Just here. Just now.

Category Archives: Family

Life lessons from a dog: accepting the past

21 Tuesday Feb 2012

Posted by Lisa in Family, Grace, Spirituality

≈ 6 Comments

Tags

gratitude, life lessons, mindfulness

My sweet rescue dog is haunted by her old life.

Literally.

She has frequent and terrible nightmares.

My other dogs had active dreams. The feet run, the jaws twitch excitedly; classic chasing-the-bunny dreams.

This is different. Grace trembles and shakes. She snarls and pulls her lips back to bare her teeth. She barks and cries out. It’s heartbreaking to watch and we wake her gently, calling her new name and bringing her back to her new life.

As someone who suffers from nightmares that send me running screaming out of my bedroom, I can relate.

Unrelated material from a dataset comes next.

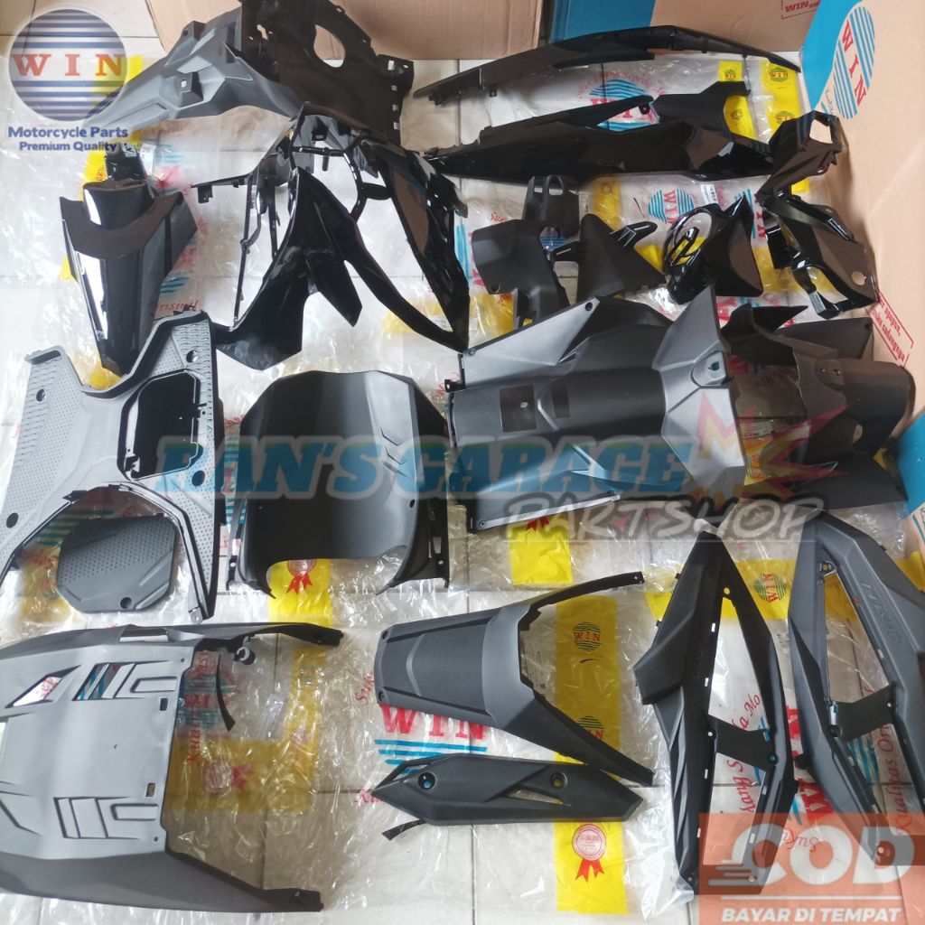 Win Fullset Cover Bodi Alus + Kasar Honda Beat Fi Esp Eco Warna Hitam Full Set Fulset Komplit Set Cover Body Tameng Bato

We all have things in our lives that our subconscious stubbornly clings to. We can think we are fully immersed in our new reality but often, something from the Bad Old Days remains. Whether it’s as common as the frantic feeling of being lost and late to class or something deeper and more painful, our dreams love to delve back into those memories. Wound, open. Salt, everywhere.

We are all wounded, by something.

That’s why we need to do the hard work of acknowledging the past for all it’s joys and disappointments and let it go. Accepting our lessons and grieving the losses. Forgiving and moving on.

Everything that has ever happened to Grace – or to me, or to you – has gone into the wonderful concoction that makes a unique soul. When we can thank these experiences for what they brought, both good and bad, we can heal and begin to trust the moment we are in.

Because this moment is exactly as it should be, just like all the others before it.

We can all get there, with some time and patience. Grace, too.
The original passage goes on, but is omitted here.